The Indian biotechnology industry is trying to get beyond being a service industry, but the cost of materials and of getting regulatory approval could confound such efforts.
India's service-oriented scheme for attracting clinical research risks making the country a servant to major drug firms.
An agreement in principle to enable the smooth transfer of microorganisms and biological materials from the US to India is an encouraging sign for Indian bioscience. But slow implementation of the country's broader biotech goals, including India's grandiose scheme to become the global hub of contract research and clinical trials, may threaten its goal of becoming e a major player.
Discussions in mid-June between acting US deputy secretary of commerce David A. Sampson and an Indian delegation led by science minister Kapil Sibal led to the biologics transfer proposal.
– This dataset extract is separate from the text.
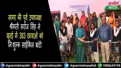 सागर की पूर्व उपाध्यक्ष श्रीमती सरोज सिंह ने खुरई में 383 छात्राओं को निःशुल्क साईकिल बांटी

Under the plan, India's Department of Biotechnology (DBT) would procure biological materials from the American Type Tissue Collection (ATCC) and warrant against their misuse or subsequent acquisition by bioterrorists, with safeguards and export controls similar to those around nuclear technology. "We are in the process of resolving this important issue," declares DBT secretary Maharaj Kishan Bhan.
Although ATCC says its regulations for export and distribution of infectious agents did not change after 9/11 and that Indian scientists have full access to the public database, researchers claim problems working with the US-based repository. "ATCC is usually prompt, but if you ask for a type strain or a reference strain, they do not even respond," says a senior scientist at the Institute for Microbial Technology in Chandigarh, which operates the Microbial Type Culture Collection, MTCC, India's only such repository.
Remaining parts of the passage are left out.